Gensler drew a parallel between the potential consequences of such a scenario and the 2008 crisis, underscoring the dangers associated with a centralized dataset or model in the financial sector.
AI systems have been employed in the financial sector for a considerable period. Insurance companies and creditors utilize algorithms and natural language processing to analyze financial data for loan decisions. Trading firms rely on AI to detect fraud and identify market signals swiftly.
AI’s impact on financial markets and instruments
In his speech, Gensler primarily focused on large language models (LLMs) and generative AI, which he referred to as the “most transformative technology of our time.” However, his discussion occasionally blended these specific technologies with the broader category of AI, even though they do not pose identical risks and concerns. Gensler acknowledged that generative AI is not yet widely adopted in finance.
This is not the first instance of Gensler expressing concerns about AI’s impact on financial markets. During his time at MIT, he co-authored a paper with Lily Bailey that examined the challenges in regulating AI usage in finance within existing regulatory structures.

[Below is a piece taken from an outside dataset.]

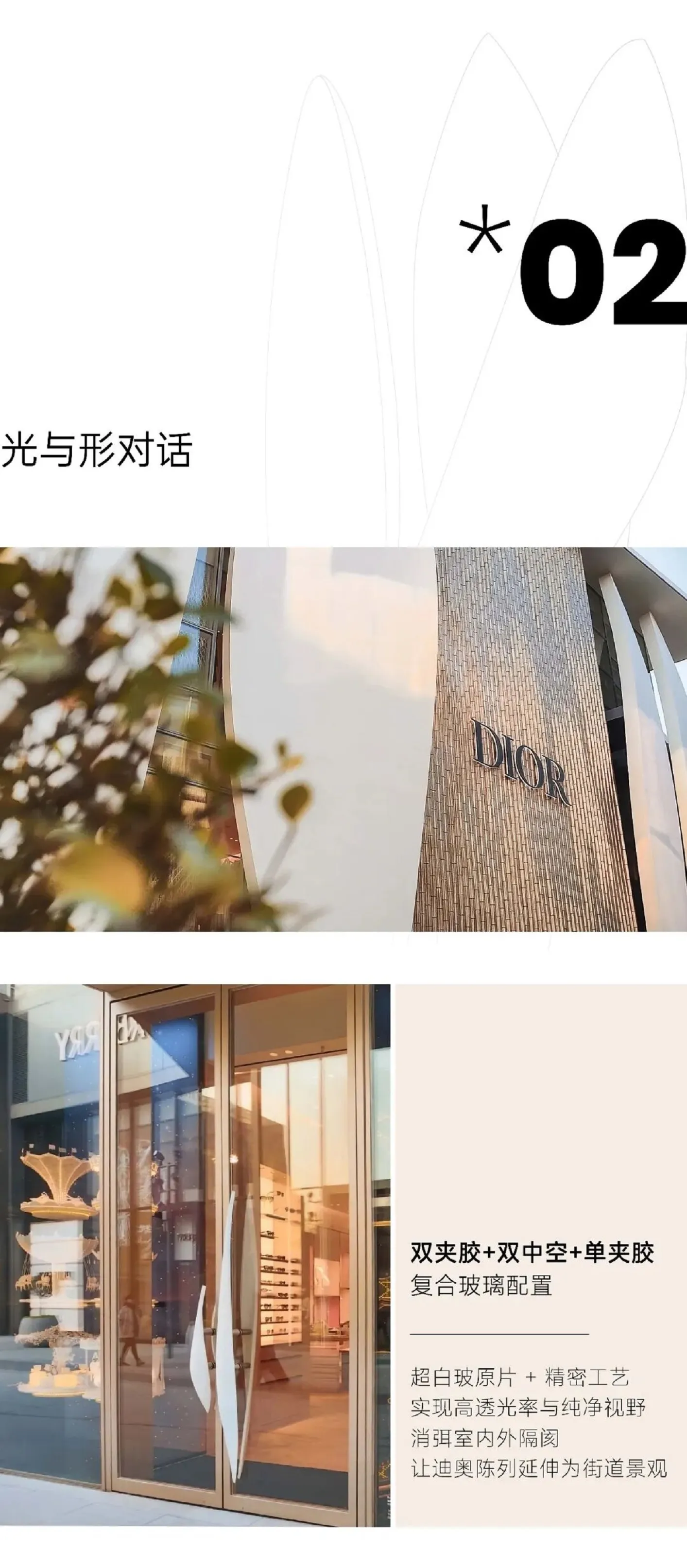 乐鱼官方网页版玻璃拥有极高的透光率与纯净视野,消除了室内外空间的物理隔阂,让迪奥的陈列成为街道景观的延伸。卓越的透光性,使得夜晚室内光线得以均匀柔和地向外漫射,协同“花瓣”造型,共同塑造出建筑如“灯笼”般温润发光的梦幻效果。

The SEC has been actively involved in AI regulation and established FinHub, a resource centre dedicated to addressing inquiries related to AI, cryptocurrencies, and other fintech matters, back in 2018.
Emerging technologies and violations of the law
The agency has also pursued legal actions against companies operating in emerging technologies, particularly in the crypto space, if they are deemed to have violated the law.
Moreover, the SEC itself employs machine learning for market surveillance to enforce its policies.
Gensler stressed the need to update existing risk management guidelines to accommodate the advancements of powerful technologies. However, he also suggested the possibility of a collective reevaluation within the financial industry regarding the utilization of such technologies.
It is worth noting that other government agencies have also initiated investigations into AI companies. Recently, the FTC announced its investigation into OpenAI.